#### [Problem to work on]
Apart from the images, repeat the data below exactly as written.

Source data
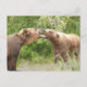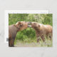 Esta postal muestra una poderosa muestra de dominio entre dos osos marrones en el Parque Nacional Katmai, Alaska. Con bocas abiertas y conmovedoras, se esparcen en una notable representación de su jerarquía natural. Aunque es probable que no causen ningún daño real, la intensidad de su interacción es una visión cruda e inolvidable de la selva de Alaska.
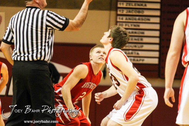 Hoisington Cardinal Trent Schremmer (#2) and Ellsworth Bearcat Matthew Keener (#23) prepare to jump for the opening tipoff during the 2014 Hoisington Cardinal Winter Jam Consolation Round basketball game with the Hoisington Cardinals versus the Ellsworth Bearcats with Hoisington winning 32 to 27 at the Hoisington Activity Center in Hoisington, Kansas on January 23, 2014. (Photo: Joey Bahr, www.joeybahr.com)
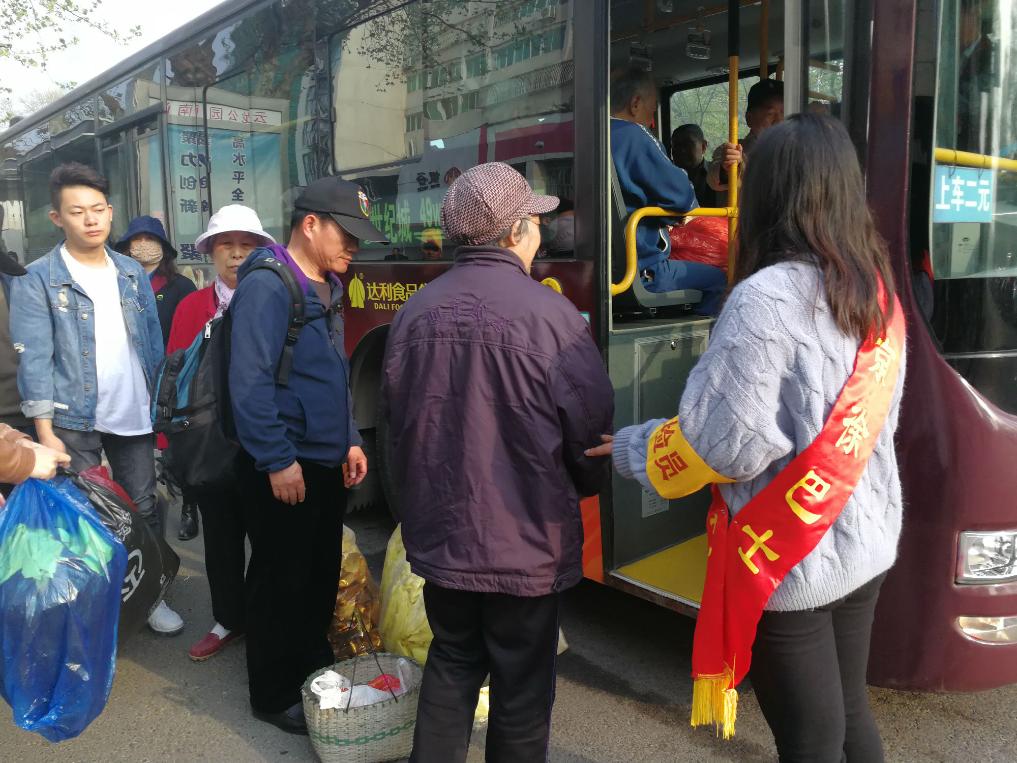 云龍公園南門,站滿了拿著大包小包的乘客?!按蠹遗藕藐?,注意安全,不要擁擠,需要換零錢的乘客可以到零幣兌換處換取零錢?!敝驹刚呶⑿χS持現(xiàn)場秩序。人群中有位提著兩個大包裹的大媽,志愿者走到大媽跟前,關(guān)切地詢問:“大媽,我來幫您把包裹拿上車吧?!敝驹刚咭皇謹v扶老人上車,一手拿著物品,為其安排好座位并叮囑大媽注意安全。一班車走后,還沒撈著喝口水,現(xiàn)場又聚滿了乘客,志愿者們又開始忙碌起來:“大爺,車還要一會才能來,您先坐這歇一會吧?!敝驹刚吣脕戆宓剩尷洗鬆斪滦菹?,老大爺十感動,說道:“你們真貼心。
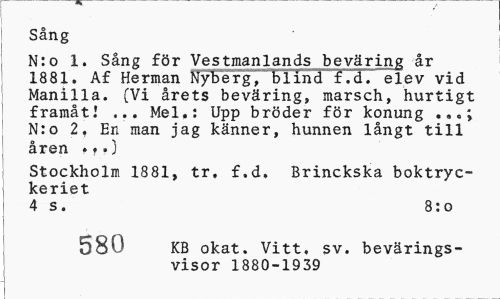 //// Sång //// N:o 1. Sång för Vestmanlands beväring år 1881. Af Herman Nyberg, blind f.d. elev vid Manilla. (Vi årets beväring, marsch, hurtigt framåt! ,., Mel,: Upp bröder för konung N:o 2. En man jag känner, hunnen långt till åren • ? •} //// Stockholm 1881, tr, f.d, Brinckska boktryckeriet //// 4 s. 8:o //// 580 KB okat. Vitt, sv. beväringsvisor 1880-1939 ////
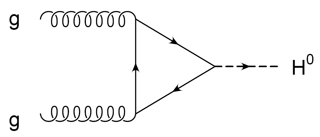 In questo meccanismo i due gluoni provenienti dai protoni che si scontrano nell’LHC si fondono assieme, tramite un “loop” rappresentato dal triangolo centrale, ovvero una produzione circolare di quark “top”, il quark più pesante di tutti, che domina il processo in quanto è favoreggiato nella sua interazione con l’Higgs.
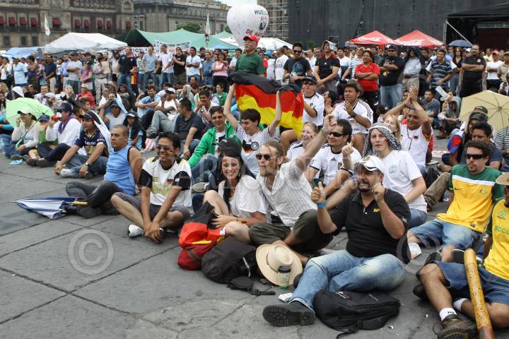 MÉXICO, D.F., 13JUNIO2010.- Aficionados Alemanes y Australianos acudieron a la plancha del Zócalo Capitalino en donde se encuentran las pantallas gigantes como parte del Fifa Fan Fest a ver el partido entre Alemania vs Australia del mundial Sudafrica 2010. FOTO: RODOLFO ANGULO/CUARTOSCURO.COM
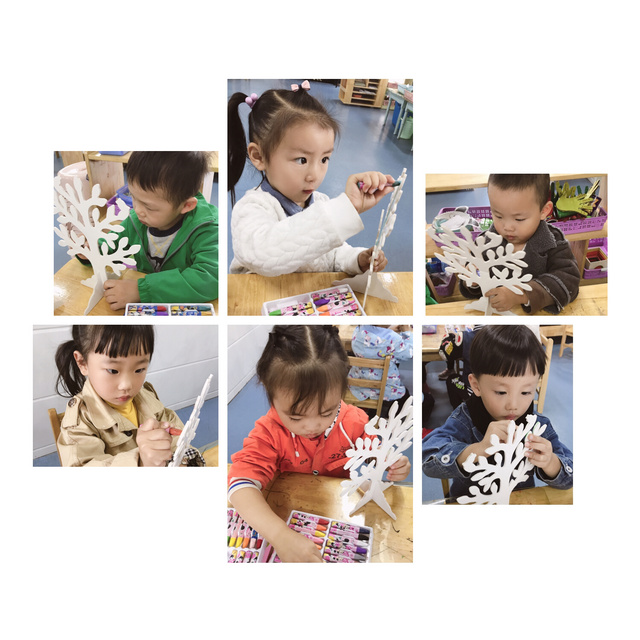 秋天到了,秋风吹来了,小树叶离开了树妈妈,届时小朋友们也亲近了大自然,收集很多很多的小树叶,并且大朋友也参与带着宝贝们创作了树叶粘贴画,在这深秋之季一眼望去,眼前少不了树叶凋零的大树妈妈,孩子们都非常喜欢这样的大树妈妈,也想装扮一颗漂亮的大树妈妈,于是我们带宝贝们一起制作了漂亮的大树(手工活动),活动中孩子们自己动手装扮大树妈妈,每一位孩子都是那么的认真、专注,表达了自己对大树妈妈的喜爱……

#### [Solution to this exercise]
 Esta postal muestra una poderosa muestra de dominio entre dos osos marrones en el Parque Nacional Katmai, Alaska. Con bocas abiertas y conmovedoras, se esparcen en una notable representación de su jerarquía natural. Aunque es probable que no causen ningún daño real, la intensidad de su interacción es una visión cruda e inolvidable de la selva de Alaska.
 Hoisington Cardinal Trent Schremmer (#2) and Ellsworth Bearcat Matthew Keener (#23) prepare to jump for the opening tipoff during the 2014 Hoisington Cardinal Winter Jam Consolation Round basketball game with the Hoisington Cardinals versus the Ellsworth Bearcats with Hoisington winning 32 to 27 at the Hoisington Activity Center in Hoisington, Kansas on January 23, 2014. (Photo: Joey Bahr, www.joeybahr.com)
 云龍公園南門,站滿了拿著大包小包的乘客?!按蠹遗藕藐?,注意安全,不要擁擠,需要換零錢的乘客可以到零幣兌換處換取零錢?!敝驹刚呶⑿χS持現(xiàn)場秩序。人群中有位提著兩個大包裹的大媽,志愿者走到大媽跟前,關(guān)切地詢問:“大媽,我來幫您把包裹拿上車吧?!敝驹刚咭皇謹v扶老人上車,一手拿著物品,為其安排好座位并叮囑大媽注意安全。一班車走后,還沒撈著喝口水,現(xiàn)場又聚滿了乘客,志愿者們又開始忙碌起來:“大爺,車還要一會才能來,您先坐這歇一會吧?!敝驹刚吣脕戆宓剩尷洗鬆斪滦菹?,老大爺十感動,說道:“你們真貼心。
 //// Sång //// N:o 1. Sång för Vestmanlands beväring år 1881. Af Herman Nyberg, blind f.d. elev vid Manilla. (Vi årets beväring, marsch, hurtigt framåt! ,., Mel,: Upp bröder för konung N:o 2. En man jag känner, hunnen långt till åren • ? •} //// Stockholm 1881, tr, f.d, Brinckska boktryckeriet //// 4 s. 8:o //// 580 KB okat. Vitt, sv. beväringsvisor 1880-1939 ////
 In questo meccanismo i due gluoni provenienti dai protoni che si scontrano nell’LHC si fondono assieme, tramite un “loop” rappresentato dal triangolo centrale, ovvero una produzione circolare di quark “top”, il quark più pesante di tutti, che domina il processo in quanto è favoreggiato nella sua interazione con l’Higgs.
 MÉXICO, D.F., 13JUNIO2010.- Aficionados Alemanes y Australianos acudieron a la plancha del Zócalo Capitalino en donde se encuentran las pantallas gigantes como parte del Fifa Fan Fest a ver el partido entre Alemania vs Australia del mundial Sudafrica 2010. FOTO: RODOLFO ANGULO/CUARTOSCURO.COM
 秋天到了,秋风吹来了,小树叶离开了树妈妈,届时小朋友们也亲近了大自然,收集很多很多的小树叶,并且大朋友也参与带着宝贝们创作了树叶粘贴画,在这深秋之季一眼望去,眼前少不了树叶凋零的大树妈妈,孩子们都非常喜欢这样的大树妈妈,也想装扮一颗漂亮的大树妈妈,于是我们带宝贝们一起制作了漂亮的大树(手工活动),活动中孩子们自己动手装扮大树妈妈,每一位孩子都是那么的认真、专注,表达了自己对大树妈妈的喜爱……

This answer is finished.